By Dave Brown, Programme Director, Digital Communities Wales

Over 90% of internet non-users believe there is no reason for them to get online, according to a major Welsh Government survey published recently. There are lessons here for everyone working in digital inclusion in Wales.

The research was a follow up to the National Survey for Wales. This survey asks around 16,000 people a range of questions covering areas from health to their opinion of public services. There are basic questions about Internet use. The aim of the subsequent re-contact survey was to dig deeper into the reasons why people aren’t online.

75% of people who weren’t online cited lack of skills, support or security concerns as a reason. 56% mentioned a barrier like cost, health or literacy issues

The re-contact survey found that 91% of people who are offline said that they have no interest in or need for the Internet. 56% said they would never under any circumstances consider try to get online. This might look like evidence of a good degree of stubbornness, but actually the research shows that there are around 200,000 people in Wales who are digitally excluded but could conceive of themselves using the Internet in the future. The challenge for Digital Communities Wales, the Welsh Government digital inclusion project run by the Wales Co-operative Centre, is how these people can be supported. And as the years roll by and more services become digital only, the view that “I don’t need it, I don’t want it” is going to be increasingly unsustainable. Right now, after the abolition of the paper driving licence, the only way to rent a car is to go online to authorise sharing of your driving history with rental firms first.

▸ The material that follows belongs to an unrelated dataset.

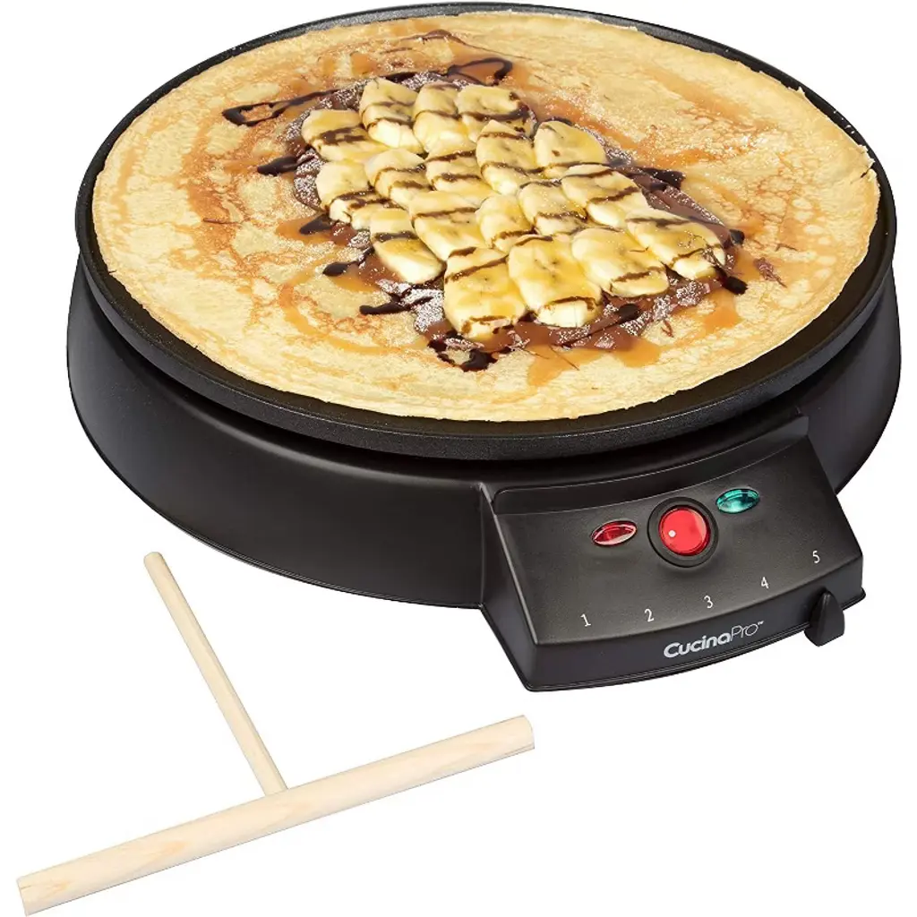 Making crepes has never been so quick and easy. Simply plug the crepe maker in to let it heat up spread a thin layer of batter and watch it cooks in seconds. Our electric Griddle and Crepe maker has a 12-inch diameter surface ideal for traditional French crepes. Features a non-stick aluminum plate and 5 different temperature settings. Batter spreader included.

75% of people who weren’t online cited lack of skills, support or security concerns as a reason. 56% mentioned a barrier like cost, health or literacy issues. Interestingly those who worried about cost thought that the spending required was greater than it actually is. They also tended to be more concerned about the upfront cost of the computer or other device than an additional monthly bill, for example for broadband access. People don’t realise that you can get a serviceable tablet for less than the average cost of a weekly shop.

The survey also looked at people who had used the Internet in the past, but had stopped. It found that people who had gone online with someone else operating the computer for them were less likely to continue themselves. This suggests that approaches such as Assisted Digital with Universal Credit, which does just that, won’t in themselves solve Wales’ digital exclusion problem and help people get the wider benefits of being online.